Lo busqué por toda la casa. Por todas las habitaciones. Por todos los rincones. Nada, no había ninguna señal de mi hijo. Una voz en mi cabeza me brindó una explicación, la cual, pese a que quería desterrarla de mi mente, sabía que era la única posible: Ella se lo había llevado.
Salí corriendo, con el pánico siguiéndome por detrás. Las personas que iba cruzando me miraban al pasar, sin interceder, comprendiendo a dónde me dirigía. A medida que me acercaba a la vieja casona mi mundo se venía abajo.
El lugar poseía un aura distinta al de la primera vez. Un olor pútrido y ácido infectaba el ambiente, el suelo y las paredes estaban impregnados con aquel líquido espeso y negro. Centenares de huesos sucios y roídos formaban un círculo grotesco en el centro del recinto. Algunos pequeños y otros más grandes. Supe inmediatamente que no eran de animales. La Muerte se había vuelto reina de aquella lóbrega cueva. Su respiración se escuchaba desde la negrura. Ahora, más pesada y amenazante. Como si un oso se escondiera entre las sombras.
Los ojos rojos emergieron de las penumbras. Parecían estar a casi dos metros de altura. Poco a poco, comenzó a acercarse hacia la luz. Había crecido el triple de su tamaño. Era colosal. Llevaba algo colgando de su boca.

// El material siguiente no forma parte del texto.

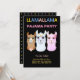 Carte d'invitation pour une soirée pyjama Llama. Célébrez un anniversaire ou une simple soirée pyjama. Trois adorables lamas sur fond noir. Motif étoilé multicolore au verso. Le texte est prêt à être personnalisé. Le mot lama signifie plusieurs choses. Lama en espagnol signifie appel et flamme (sacré). Lorsqu'on le lit à l'envers, c'est Am All. Les lamas sont connus pour leur gentillesse, leur unité et leur compassion. Profitez de votre soirée pyjama !!

Debido a la oscuridad, no podía discernir qué era. Lo lanzó al centro del círculo. La sangre salpicó mi rostro, luego de que el cuerpo cayera. Vi sus ojos. Vacíos y distantes. Los conocía bien. Iguales a los de mi esposo. Pero él se había marchado tiempo atrás. La única persona con esos mismos ojos, que aún estaba en mi vida, era mi hijo. Y eso se había terminado para siempre. Creí verla sonreír. Los débiles rayos de luz del lugar golpearon contra sus enormes dientes. Sucios, llenos de sangre y carne. Una mueca sonriente parecía contorsionarse en su nauseabundo hocico.
No lloré, ni tampoco grité. Tan solo me quedé allí, petrificada. Ya no era capaz de sentir nada. Había vuelto a fumar unas semanas atrás. Hábito que había abandonado luego del nacimiento de Santiago. Palpé uno de mis bolsillos. El fiel mechero de metal estaba preparado. Encendí la llama y la acerqué a la cortina de una de las ventanas. Luego, me marché.
Observé a la distancia cómo el fuego acababa con la pesadilla. Los gritos de la bestia comenzaron a escucharse rápidamente. Parecía implorar por auxilio. Quise sonreír, pero no pude. Mientras las llamas devoraban la vieja casona, mi vida se iba convirtiendo en cenizas. A lo lejos, comenzó a llover.
Abandoné el barrio de La Merced y me mudé lo más lejos que pude de la zona. Continué viviendo por inercia. Sin motivación u objetivo alguno. El único logro de mi miserable vida fue haber terminado con ese infierno. Aunque, en verdad, nada valió la pena.
Cada día que tomo el Metro creo ver los ojos de la rata. Un abismo rojo a tan solo pocos metros de distancia. Antes de que llegue el tren a destino y se frene en la estación, puedo escuchar los gritos de todas aquellas almas devoradas por la bestia. Entre ese mar de suplicios logro distinguir una tierna voz que me implora que lo salve, y luego me pregunta por qué no hice nada para evitar su muerte.